1. In Vertical scaling, there involves inter process communication which are very fast and your service will perform the algorithms / calculations quickly. However, in horizontal scaling, there is an involvement of network communication which tends to slow down things depending on the network.
2. Failure: In horizontal Scaling, the system is reslient. Meaning, if there is one computer failure, there wil still be another system which will be ready to accept a request. However, in vertical scaling, there is only one single point of failure - rendering your webservice un-useable when your system fails.
3. Load Balancing is required in Horizontal scaling as we will have multiple systems in the grid, however, vertical scaling does not need any such load-balancing.

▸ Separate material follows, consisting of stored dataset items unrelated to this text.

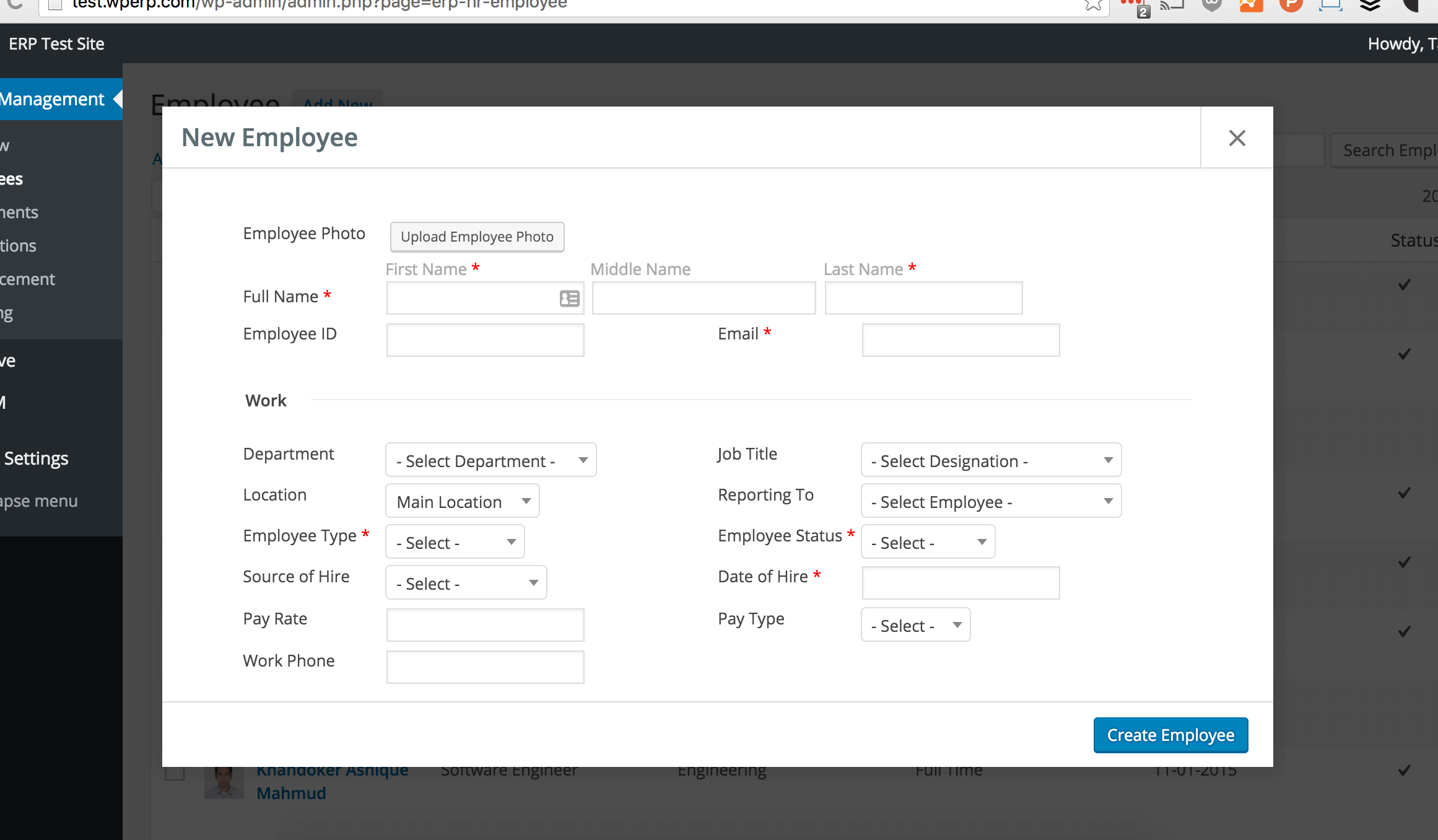 WP ERP 是一个 weDevs 开发的一个基于 WordPress 企业资源管理系统的开源插件。该插件提供了基本够用的企业资源管理功能,期中包括:HR 人力资源管理模块、CRM 销售管理模块、记账系统 – 一个免费、功能丰富的复式记账系统、通过 WP Project Manager 插件提供的项目管理模块。 WP ERP 插件的官网 列出了该插件功能的详细介绍,并提供了演示地址。阅读英文没问题的朋友可以直接到官网了解。下图是 WP ERP 插件录入员工资料的截图,从图中我们可以看出,插件提供的数据字段非常丰富。
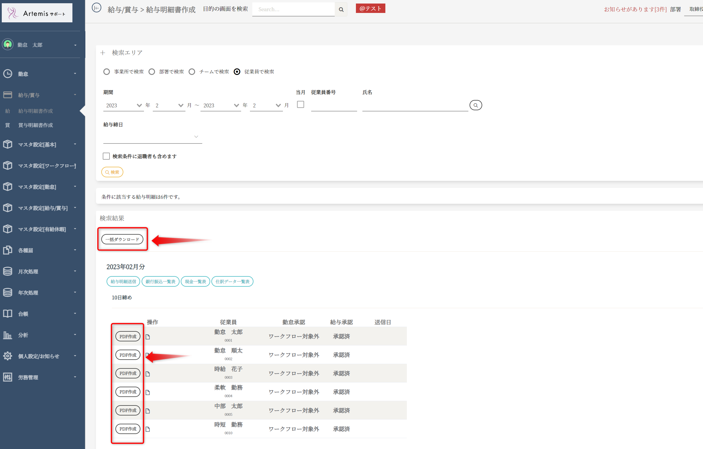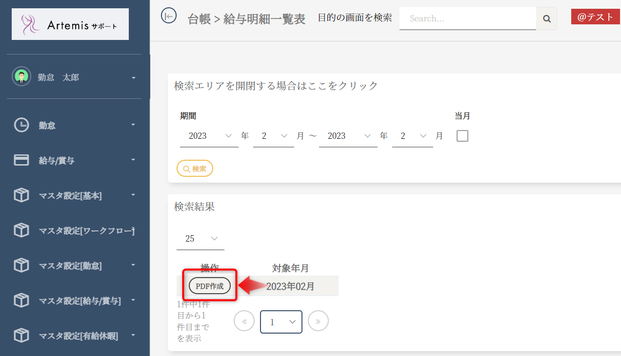 該当の従業員の「PDF作成」ボタンを押してください。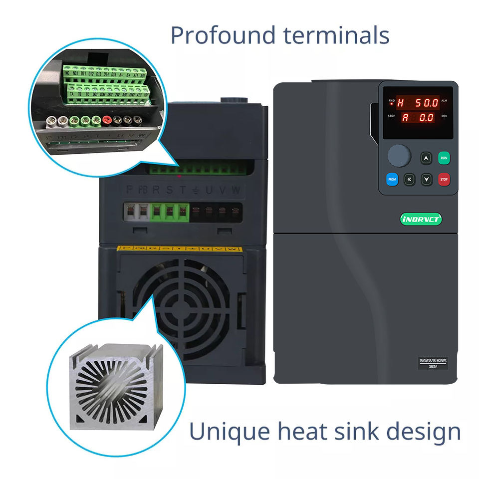 INDRVCT Frequency Converter Inverter VFD 3 Phase 220V 380V 4KW-15KW VFD Variable Frequency Driver for AC 3-Phase Booster Pump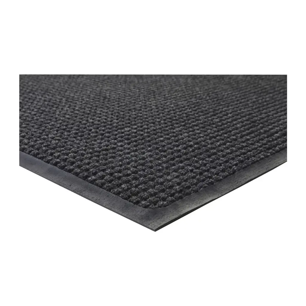 Floor mat keeps both your interiors and the environment clean, safe and healthy. The carpeted surface is made from post-consumer material to promote an eco-friendly design. Durable, crumb rubber backing is wear-resistant. Bi-level construction traps dirt below the surface to effectively wipe your shoes clean while the beveled edge reduces trips and falls. This easy-to-clean mat is designed for hard surface floors and low-pile carpets.

4. Data Inconsistency - In Horizontal Scaling, there is a chance of data becoming inconsistent as we are using multiple machines (although this problem can be solved to an extent, but still not completely - 100%). However, vertical scaling does not have any data inconsistency side-effects.
5. The most important and the last difference is the fact that, in vertical scaling, your biggest machine will still run into a hardware upper limit. There is only enough CPU power or enough RAM you can provide. With horizontal scaling, you will never have this issue of scaling your service as you can theoretically buy infinte number of computers.